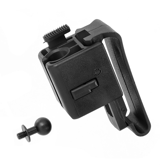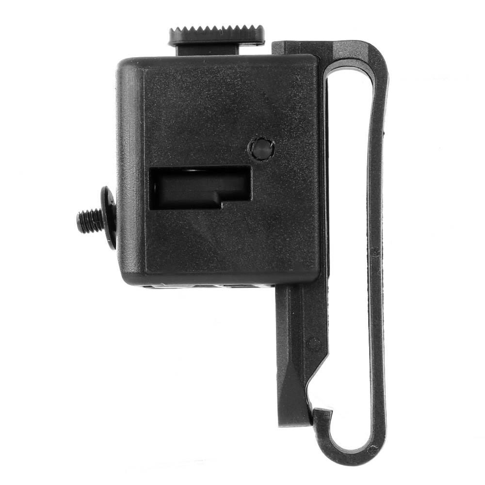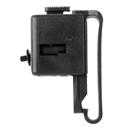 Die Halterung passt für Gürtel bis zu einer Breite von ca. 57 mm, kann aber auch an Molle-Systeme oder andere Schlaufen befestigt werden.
=====
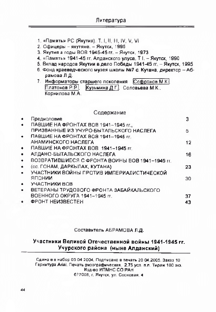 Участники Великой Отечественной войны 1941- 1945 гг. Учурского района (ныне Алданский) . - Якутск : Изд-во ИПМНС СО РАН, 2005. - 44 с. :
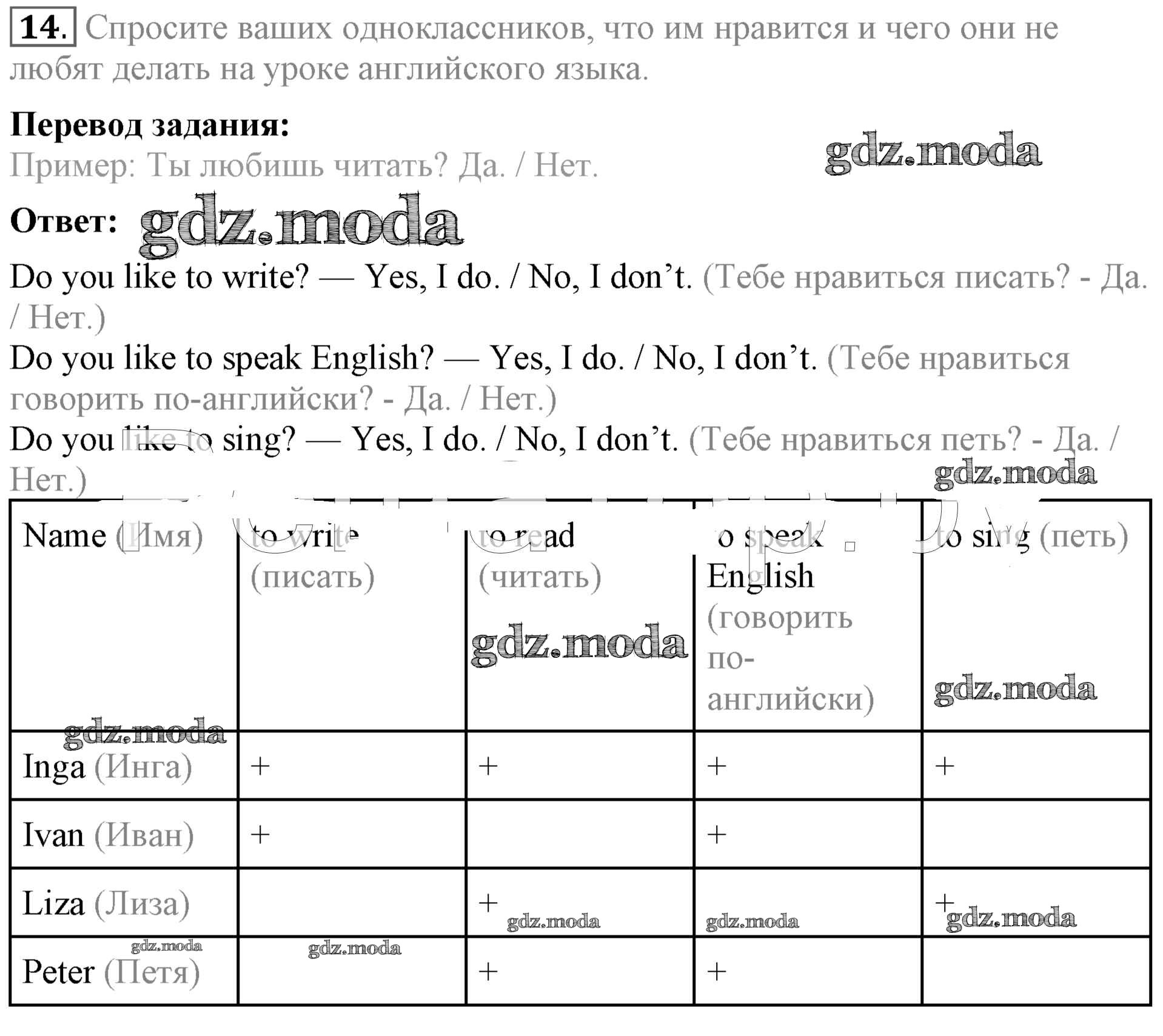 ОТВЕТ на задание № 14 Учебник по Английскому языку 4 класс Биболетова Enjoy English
=====
▶ **Requirement**: Once the line with "Участники Великой Отечественной" is found in the data above, reproduce it and each line after it exactly, through the line with "ОТВЕТ на задание". Omit the pictures.

▶ **Your response**:
 Участники Великой Отечественной войны 1941- 1945 гг. Учурского района (ныне Алданский) . - Якутск : Изд-во ИПМНС СО РАН, 2005. - 44 с. :
 ОТВЕТ на задание № 14 Учебник по Английскому языку 4 класс Биболетова Enjoy English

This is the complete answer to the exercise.